» **Your instructions**
The task calls for each record to be given again unchanged, minus any pictures.

» **Data section**
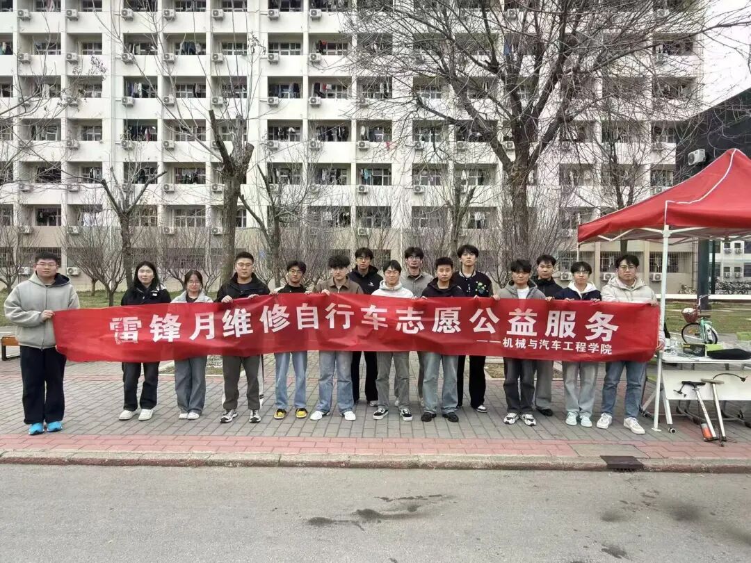于2026年3月15日,在东校区群星11号楼旁大屏幕下,开展了维修自行车志愿服务活动,用专业技能为师生解决自行车故障问题,让雷锋精神在实践中闪光。
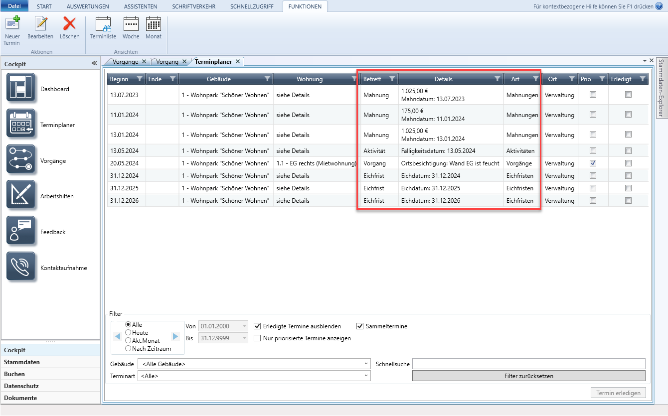 Termine der Vorgangsverwaltung über Terminkalender bearbeiten
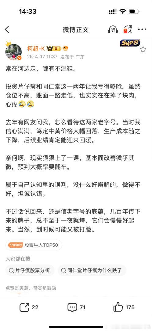 柯总都承认错误了,那乌龟也勇敢出来承认自己看走眼了,那些“贵州茅台、片仔癀、同仁
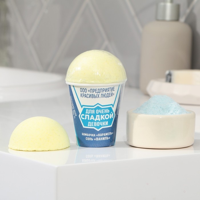 Подарочный набор косметики «Для очень сладкой девочки», соль для ванны 145 г и бомбочка для ванны 60 г, аромат ванили и карамели, BEAUTY FОХ
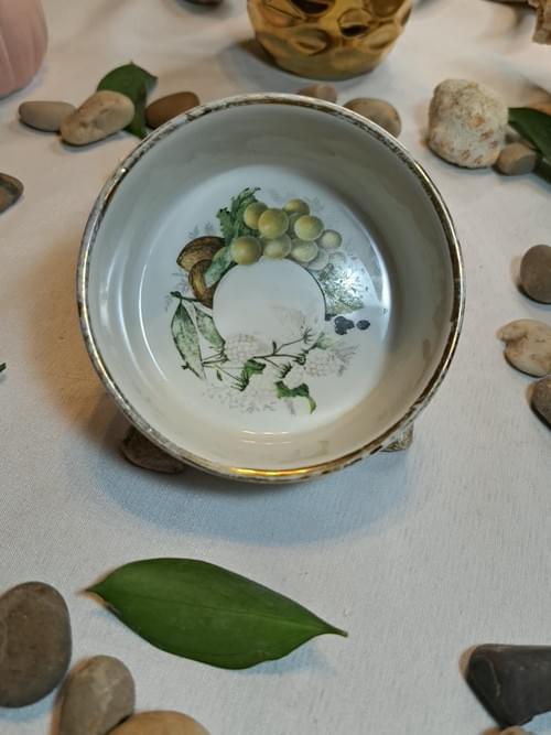 طبق بورسلان إنجليزي قديم مزخرف بعنقود عنب وثمار موسمية بتفاصيل دقيقة تمنح القطعة طابعاً ريفياً دافئا

» **Answer for the task**
于2026年3月15日,在东校区群星11号楼旁大屏幕下,开展了维修自行车志愿服务活动,用专业技能为师生解决自行车故障问题,让雷锋精神在实践中闪光。
 Termine der Vorgangsverwaltung über Terminkalender bearbeiten
 柯总都承认错误了,那乌龟也勇敢出来承认自己看走眼了,那些“贵州茅台、片仔癀、同仁
 Подарочный набор косметики «Для очень сладкой девочки», соль для ванны 145 г и бомбочка для ванны 60 г, аромат ванили и карамели, BEAUTY FОХ
 طبق بورسلان إنجليزي قديم مزخرف بعنقود عنب وثمار موسمية بتفاصيل دقيقة تمنح القطعة طابعاً ريفياً دافئا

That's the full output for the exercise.